Это был широкоплечий толстяк с копною вьющихся русых волос и обаятельной в обе щеки улыбкой, от которой каждый раз розовело его довольное лицо.
— Я уже сказал Корытову не мучить вас. Но ведь и то — кого, как не вас? Народу нет. Я вам и так еще одно попутное заданьице подкину. На местную тему.
— Я, товарищ Васютин, тоже здесь без году неделя, не старожил.
— Не старожил, так станете им. Уезжать пока не собираетесь? Мало-мало устроились?
— Более или менее.
— Скорей, пожалуй, менее, чем более, как я слышал. Ну, обживетесь. По внешности Васютин был типичным партийным работником, подвижным, но не суетливым, с решительной категоричностью в жестах. Таким он был не столько по характеру, сколько по положению, автоматически выработавшему в нем за многие годы повадки командира, не умеющего медлить и запаздывать.
Васютин все делал сейчас же и сразу, как только перед ним возникала какая-нибудь задача. Он откладывал только то, что уже определилось как удавшееся или окончательно безнадежное. На коммунистов области он должен был производить впечатление человека цепкого, упрямого и насмешливого. Воропаев знал по многим отзывам, что Васютина уважали за простоту, за уменье впрягаться в новые дела, а главное — за способность, очень бросающуюся в глаза: запоминать имена, отчества и фамилии многих тысяч людей, составляющих актив области.
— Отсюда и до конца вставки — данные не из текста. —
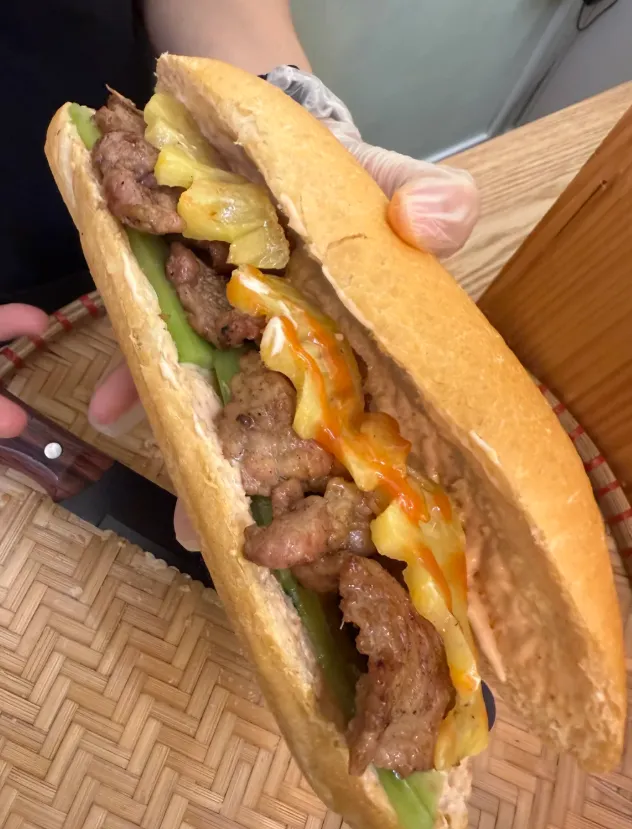 特别推荐尝尝这里的法棍。和硬邦邦的欧式法棍不同,这里的面包体烤得酥脆掉渣,内里却保持着蓬松的空气感。从中间剖开,抹上一层厚厚的肝酱,塞进叉烧、火腿,再铺满酸甜口的萝卜丝和香菜,最后淋上一勺秘制酱汁。一口咬下去,酥、软、咸、鲜、酸在嘴里炸开,口感层次丰富得让人舍不得咽下去。
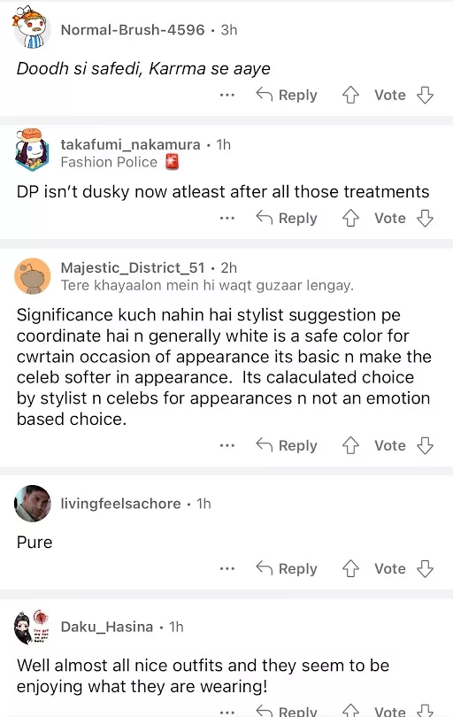 Soon after the post was shared on credit, many netizens started reacting to it. While some claimed that it was just a coincidence, others mentioned that the duo wore white to mark new beginnings. Meanwhile, some social media users also stated that Deepika and Ranveer were dressed in white to ward off negative energy.

Пока Воропаев возился с костылями — он дома никогда не носил протеза — и причесывался перед зеркалом, Васютин, глядя в окно, нетерпеливо постукивал карандашом по раскрытому блокнотику.
— Я слышал, что вы, товарищ Воропаев, маленько недооценили свои силы или, скажем так, переоценили болезнь, рано ушли на покой, — сказал он, разглядывая улицу.
— Ушел я, может быть, действительно рано, да ведь, как говорится, ранения и болезни не выпрашивают, а получают.
— Это-то я понимаю. Я не в обвинение. Я сожалею.